* **Exercise description**:
Find the line below with "Daily Jang 12" and the line with "会议伊始,辅导员首先说明学校". Output exactly those lines and everything between them, leaving out the pictures.

Dataset records Block Start

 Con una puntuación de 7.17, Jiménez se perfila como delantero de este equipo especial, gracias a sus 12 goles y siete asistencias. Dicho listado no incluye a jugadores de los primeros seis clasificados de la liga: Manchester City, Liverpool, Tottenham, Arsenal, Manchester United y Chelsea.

Dataset records Block End
Dataset records Block Start

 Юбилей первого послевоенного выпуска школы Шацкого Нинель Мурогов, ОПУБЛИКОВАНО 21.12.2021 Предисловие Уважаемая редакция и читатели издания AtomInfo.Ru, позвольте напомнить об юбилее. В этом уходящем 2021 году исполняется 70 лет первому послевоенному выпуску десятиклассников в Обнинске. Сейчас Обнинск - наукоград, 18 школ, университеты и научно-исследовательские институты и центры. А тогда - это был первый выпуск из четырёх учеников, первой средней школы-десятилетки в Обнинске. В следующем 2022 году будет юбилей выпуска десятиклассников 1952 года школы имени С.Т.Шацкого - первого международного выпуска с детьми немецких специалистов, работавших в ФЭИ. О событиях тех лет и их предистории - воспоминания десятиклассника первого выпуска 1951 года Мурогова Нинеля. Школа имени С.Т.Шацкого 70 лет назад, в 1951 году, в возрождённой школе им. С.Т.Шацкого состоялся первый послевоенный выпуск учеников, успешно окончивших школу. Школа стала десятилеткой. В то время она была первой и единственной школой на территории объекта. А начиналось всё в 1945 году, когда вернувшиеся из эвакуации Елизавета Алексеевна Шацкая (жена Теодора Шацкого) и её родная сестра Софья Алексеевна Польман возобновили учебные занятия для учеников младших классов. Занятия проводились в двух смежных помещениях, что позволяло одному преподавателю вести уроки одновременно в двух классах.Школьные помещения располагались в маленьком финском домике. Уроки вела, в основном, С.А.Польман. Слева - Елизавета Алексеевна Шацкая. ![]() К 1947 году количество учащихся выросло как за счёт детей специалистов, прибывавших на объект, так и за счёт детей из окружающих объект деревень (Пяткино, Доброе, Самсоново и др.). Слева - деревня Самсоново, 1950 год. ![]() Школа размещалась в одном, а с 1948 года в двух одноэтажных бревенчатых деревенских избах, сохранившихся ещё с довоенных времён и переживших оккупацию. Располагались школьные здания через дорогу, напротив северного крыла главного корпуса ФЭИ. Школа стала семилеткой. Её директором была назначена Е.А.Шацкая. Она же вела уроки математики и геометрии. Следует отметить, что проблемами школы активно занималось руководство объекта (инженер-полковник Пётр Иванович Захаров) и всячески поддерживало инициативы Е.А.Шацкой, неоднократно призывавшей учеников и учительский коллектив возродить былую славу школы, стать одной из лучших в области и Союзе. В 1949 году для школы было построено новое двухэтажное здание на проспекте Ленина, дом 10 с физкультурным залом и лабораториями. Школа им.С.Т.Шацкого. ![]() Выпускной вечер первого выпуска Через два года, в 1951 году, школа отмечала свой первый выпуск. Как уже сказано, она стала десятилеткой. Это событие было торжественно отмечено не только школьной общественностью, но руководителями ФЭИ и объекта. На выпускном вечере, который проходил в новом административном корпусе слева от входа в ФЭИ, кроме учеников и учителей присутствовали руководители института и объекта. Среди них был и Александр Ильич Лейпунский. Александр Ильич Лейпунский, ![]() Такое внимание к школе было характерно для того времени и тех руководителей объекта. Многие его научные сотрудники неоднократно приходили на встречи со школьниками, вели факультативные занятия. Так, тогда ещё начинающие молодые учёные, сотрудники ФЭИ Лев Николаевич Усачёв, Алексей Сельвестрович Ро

Dataset records Block End
Dataset records Block Start

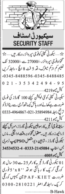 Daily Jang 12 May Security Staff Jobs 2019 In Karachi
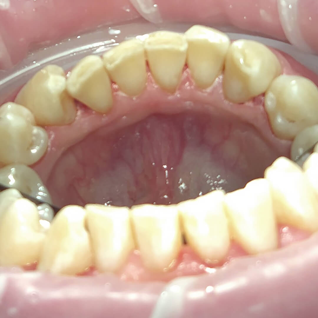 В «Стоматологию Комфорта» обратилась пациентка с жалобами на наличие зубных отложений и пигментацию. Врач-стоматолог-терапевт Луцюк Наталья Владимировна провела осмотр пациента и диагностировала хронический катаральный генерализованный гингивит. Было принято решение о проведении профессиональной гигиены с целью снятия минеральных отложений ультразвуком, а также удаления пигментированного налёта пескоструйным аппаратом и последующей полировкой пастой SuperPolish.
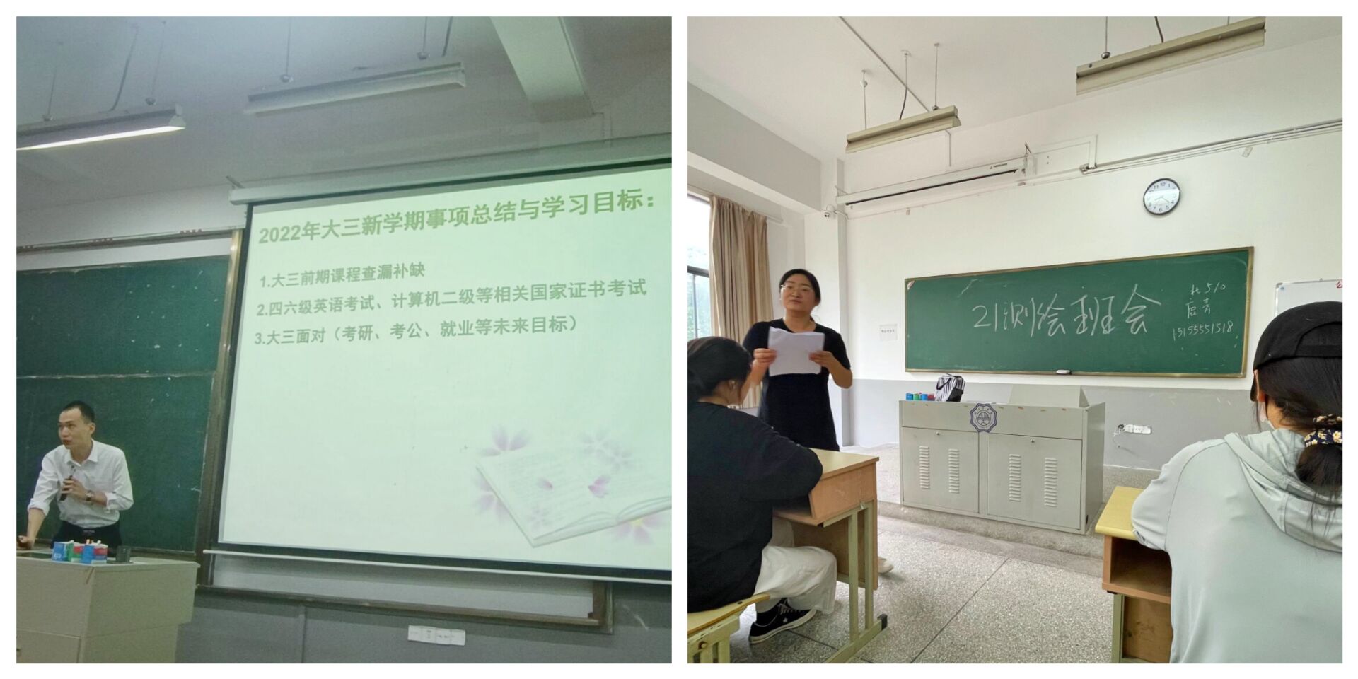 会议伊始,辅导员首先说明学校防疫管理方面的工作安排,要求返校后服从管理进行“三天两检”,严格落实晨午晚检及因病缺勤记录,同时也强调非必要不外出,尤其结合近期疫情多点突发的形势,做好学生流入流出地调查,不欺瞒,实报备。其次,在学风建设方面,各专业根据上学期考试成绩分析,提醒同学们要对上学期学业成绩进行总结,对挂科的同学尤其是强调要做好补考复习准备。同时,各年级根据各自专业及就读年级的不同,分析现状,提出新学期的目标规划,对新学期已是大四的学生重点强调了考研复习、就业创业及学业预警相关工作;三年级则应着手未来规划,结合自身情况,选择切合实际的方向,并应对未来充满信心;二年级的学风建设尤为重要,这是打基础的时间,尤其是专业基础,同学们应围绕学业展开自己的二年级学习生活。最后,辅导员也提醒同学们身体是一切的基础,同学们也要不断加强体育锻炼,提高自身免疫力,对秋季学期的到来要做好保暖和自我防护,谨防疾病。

Dataset records Block End

* **Result below**:
 Daily Jang 12 May Security Staff Jobs 2019 In Karachi
 В «Стоматологию Комфорта» обратилась пациентка с жалобами на наличие зубных отложений и пигментацию. Врач-стоматолог-терапевт Луцюк Наталья Владимировна провела осмотр пациента и диагностировала хронический катаральный генерализованный гингивит. Было принято решение о проведении профессиональной гигиены с целью снятия минеральных отложений ультразвуком, а также удаления пигментированного налёта пескоструйным аппаратом и последующей полировкой пастой SuperPolish.
 会议伊始,辅导员首先说明学校防疫管理方面的工作安排,要求返校后服从管理进行“三天两检”,严格落实晨午晚检及因病缺勤记录,同时也强调非必要不外出,尤其结合近期疫情多点突发的形势,做好学生流入流出地调查,不欺瞒,实报备。其次,在学风建设方面,各专业根据上学期考试成绩分析,提醒同学们要对上学期学业成绩进行总结,对挂科的同学尤其是强调要做好补考复习准备。同时,各年级根据各自专业及就读年级的不同,分析现状,提出新学期的目标规划,对新学期已是大四的学生重点强调了考研复习、就业创业及学业预警相关工作;三年级则应着手未来规划,结合自身情况,选择切合实际的方向,并应对未来充满信心;二年级的学风建设尤为重要,这是打基础的时间,尤其是专业基础,同学们应围绕学业展开自己的二年级学习生活。最后,辅导员也提醒同学们身体是一切的基础,同学们也要不断加强体育锻炼,提高自身免疫力,对秋季学期的到来要做好保暖和自我防护,谨防疾病。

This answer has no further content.